_Goal of the exercise_.
Your output should be everything below from the line containing "- LDK11.4帖、洋室6.5帖、洋室4.9帖、洋室4.5帖" down to the line containing "ساعت فرمان ماهیانه", both ends included, copied exactly, with pictures left out.

_Exercise data_.
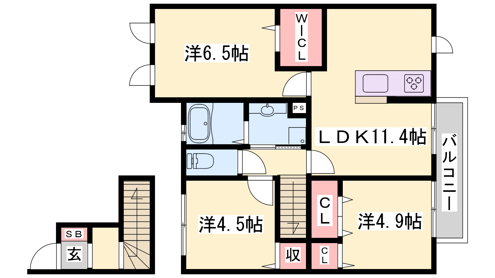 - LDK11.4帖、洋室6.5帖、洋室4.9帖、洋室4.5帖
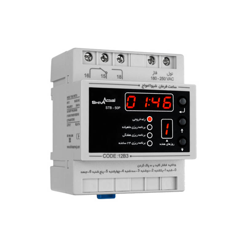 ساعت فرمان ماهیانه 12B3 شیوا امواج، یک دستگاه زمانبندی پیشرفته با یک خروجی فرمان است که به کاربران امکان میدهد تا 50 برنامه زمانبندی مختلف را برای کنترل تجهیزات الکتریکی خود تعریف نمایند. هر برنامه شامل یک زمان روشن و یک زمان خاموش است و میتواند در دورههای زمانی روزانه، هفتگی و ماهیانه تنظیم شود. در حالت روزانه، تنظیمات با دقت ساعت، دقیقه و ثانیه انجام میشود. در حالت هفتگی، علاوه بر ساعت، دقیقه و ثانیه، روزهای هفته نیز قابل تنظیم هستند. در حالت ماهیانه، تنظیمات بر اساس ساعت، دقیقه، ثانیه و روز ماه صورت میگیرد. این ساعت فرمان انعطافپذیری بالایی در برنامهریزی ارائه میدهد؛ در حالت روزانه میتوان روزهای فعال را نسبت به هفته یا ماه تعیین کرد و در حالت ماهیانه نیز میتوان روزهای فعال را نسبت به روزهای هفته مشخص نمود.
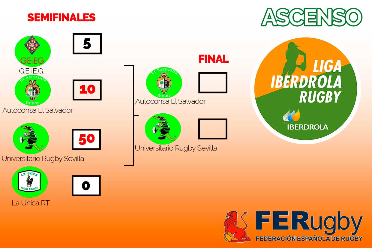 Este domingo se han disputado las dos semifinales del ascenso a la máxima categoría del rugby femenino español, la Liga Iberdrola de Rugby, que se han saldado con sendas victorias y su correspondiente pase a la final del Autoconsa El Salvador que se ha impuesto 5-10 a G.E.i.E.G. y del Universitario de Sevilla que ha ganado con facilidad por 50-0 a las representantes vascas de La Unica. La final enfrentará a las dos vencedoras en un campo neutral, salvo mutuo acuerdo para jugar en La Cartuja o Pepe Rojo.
---
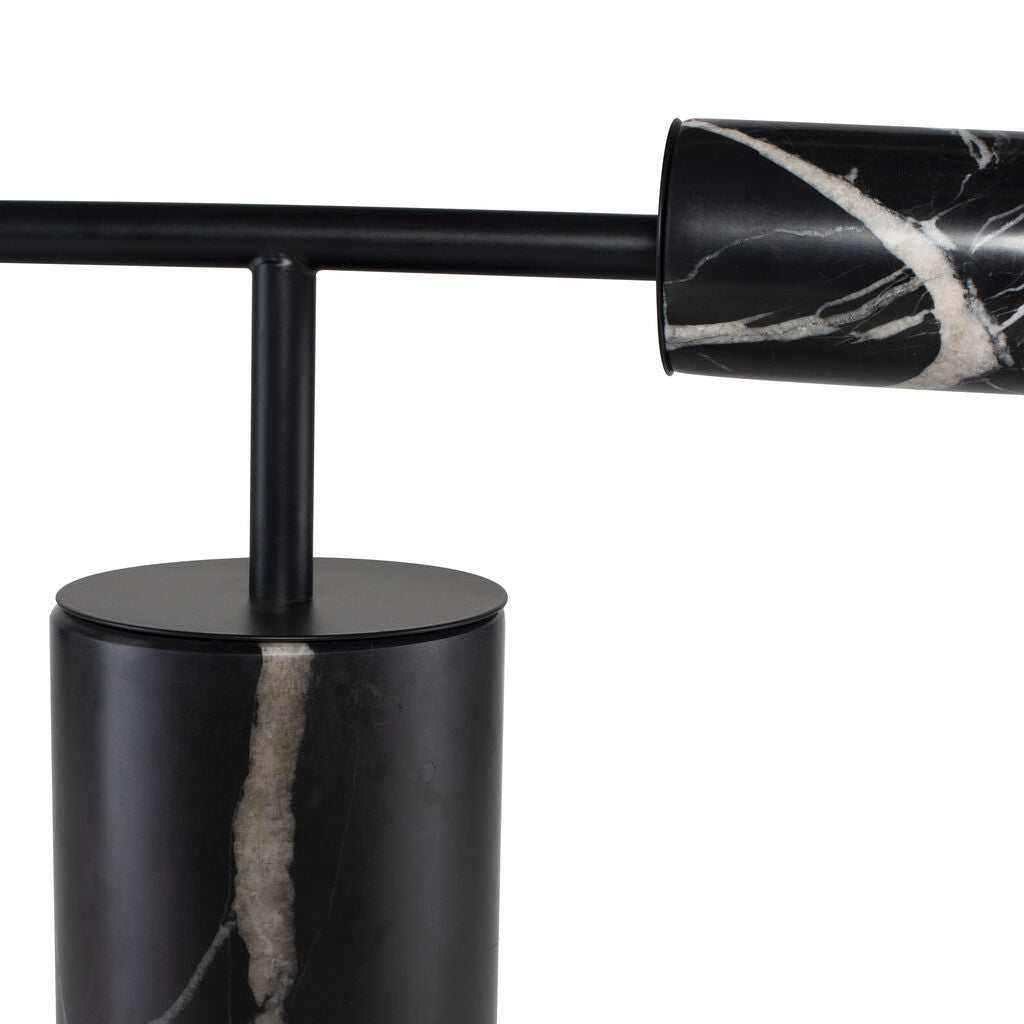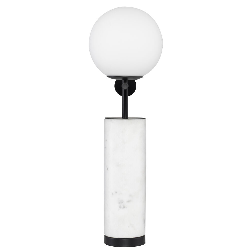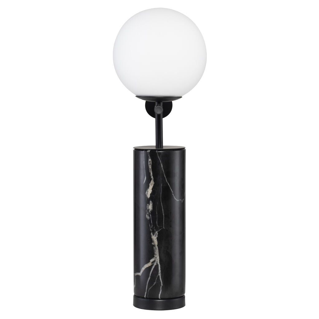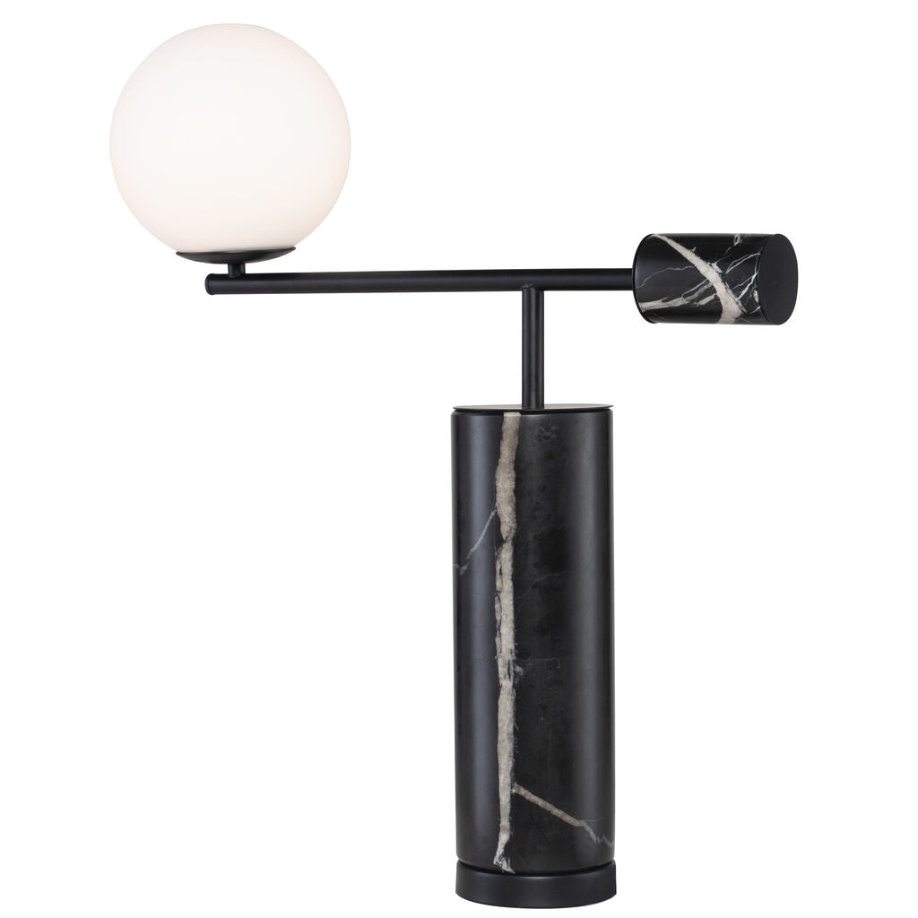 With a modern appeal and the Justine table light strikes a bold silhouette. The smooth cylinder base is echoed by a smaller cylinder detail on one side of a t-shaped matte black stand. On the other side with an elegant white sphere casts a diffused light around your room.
==
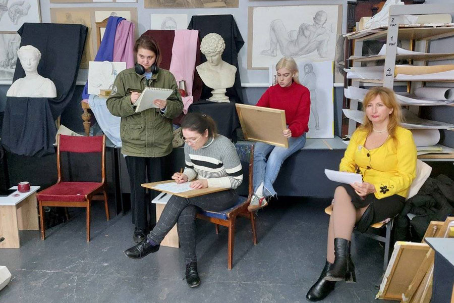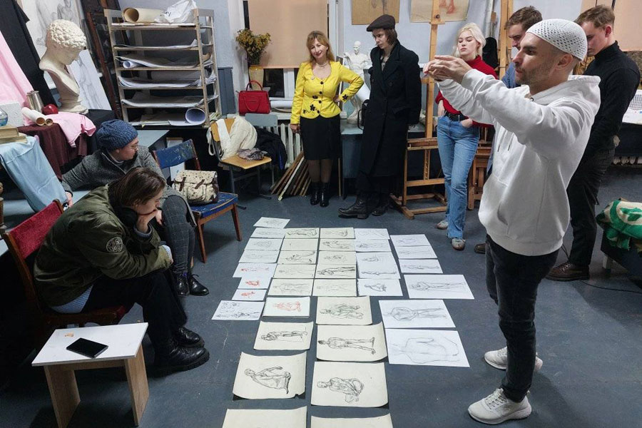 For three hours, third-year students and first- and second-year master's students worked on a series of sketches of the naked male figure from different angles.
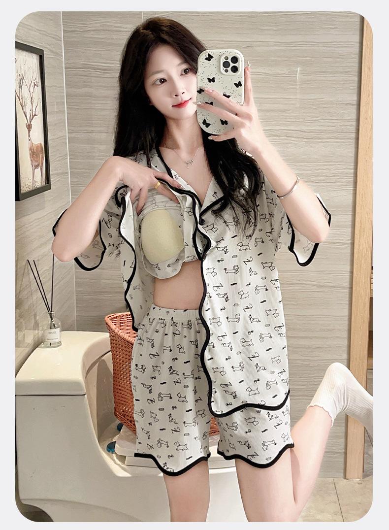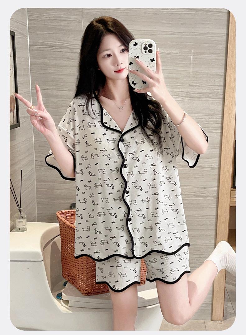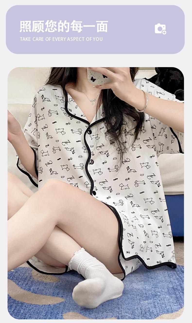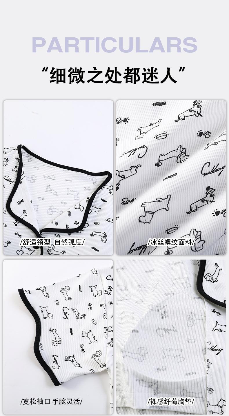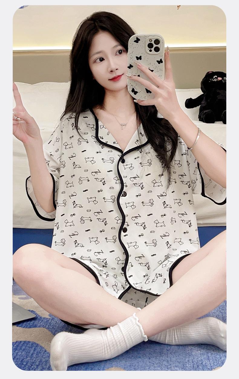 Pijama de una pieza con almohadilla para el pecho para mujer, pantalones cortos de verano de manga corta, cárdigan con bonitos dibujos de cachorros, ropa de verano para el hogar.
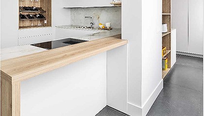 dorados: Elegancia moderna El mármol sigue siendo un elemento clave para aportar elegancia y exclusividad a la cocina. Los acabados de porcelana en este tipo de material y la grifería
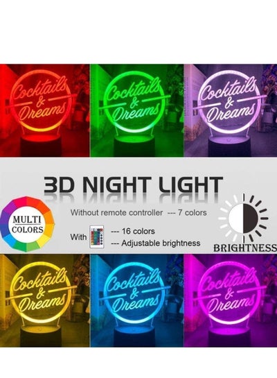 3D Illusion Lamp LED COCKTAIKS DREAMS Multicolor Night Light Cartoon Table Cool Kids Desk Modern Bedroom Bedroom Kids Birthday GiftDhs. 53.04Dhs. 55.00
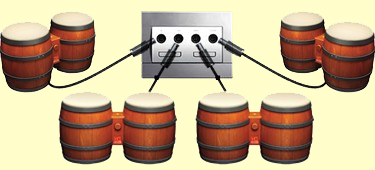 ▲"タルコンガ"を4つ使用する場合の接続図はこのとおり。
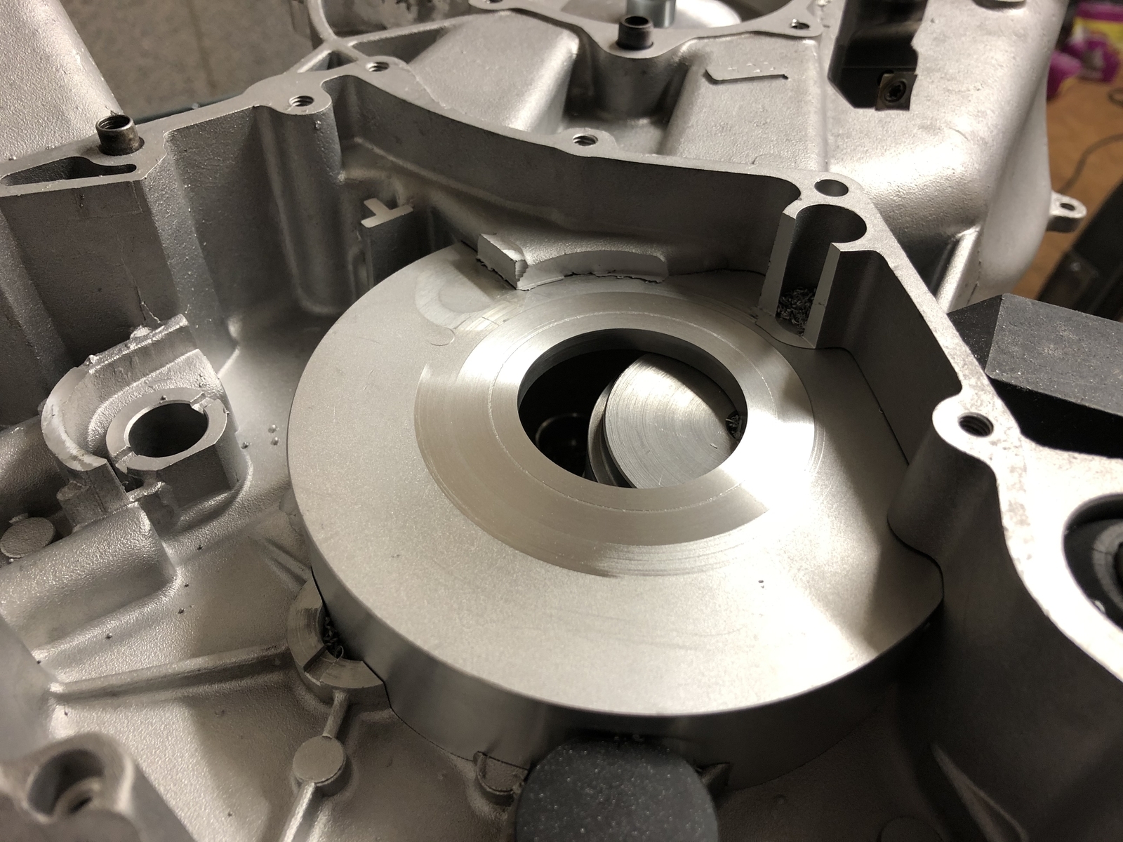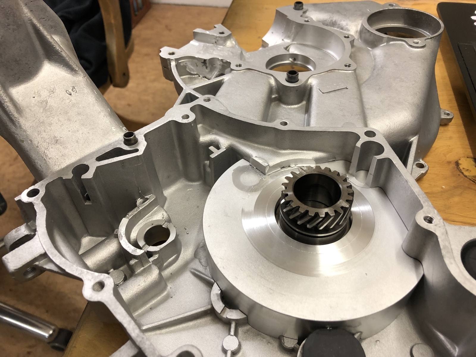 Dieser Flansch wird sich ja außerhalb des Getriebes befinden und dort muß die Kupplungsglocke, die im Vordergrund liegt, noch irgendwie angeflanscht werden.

_The answer_.
 - LDK11.4帖、洋室6.5帖、洋室4.9帖、洋室4.5帖
 ساعت فرمان ماهیانه 12B3 شیوا امواج، یک دستگاه زمانبندی پیشرفته با یک خروجی فرمان است که به کاربران امکان میدهد تا 50 برنامه زمانبندی مختلف را برای کنترل تجهیزات الکتریکی خود تعریف نمایند. هر برنامه شامل یک زمان روشن و یک زمان خاموش است و میتواند در دورههای زمانی روزانه، هفتگی و ماهیانه تنظیم شود. در حالت روزانه، تنظیمات با دقت ساعت، دقیقه و ثانیه انجام میشود. در حالت هفتگی، علاوه بر ساعت، دقیقه و ثانیه، روزهای هفته نیز قابل تنظیم هستند. در حالت ماهیانه، تنظیمات بر اساس ساعت، دقیقه، ثانیه و روز ماه صورت میگیرد. این ساعت فرمان انعطافپذیری بالایی در برنامهریزی ارائه میدهد؛ در حالت روزانه میتوان روزهای فعال را نسبت به هفته یا ماه تعیین کرد و در حالت ماهیانه نیز میتوان روزهای فعال را نسبت به روزهای هفته مشخص نمود.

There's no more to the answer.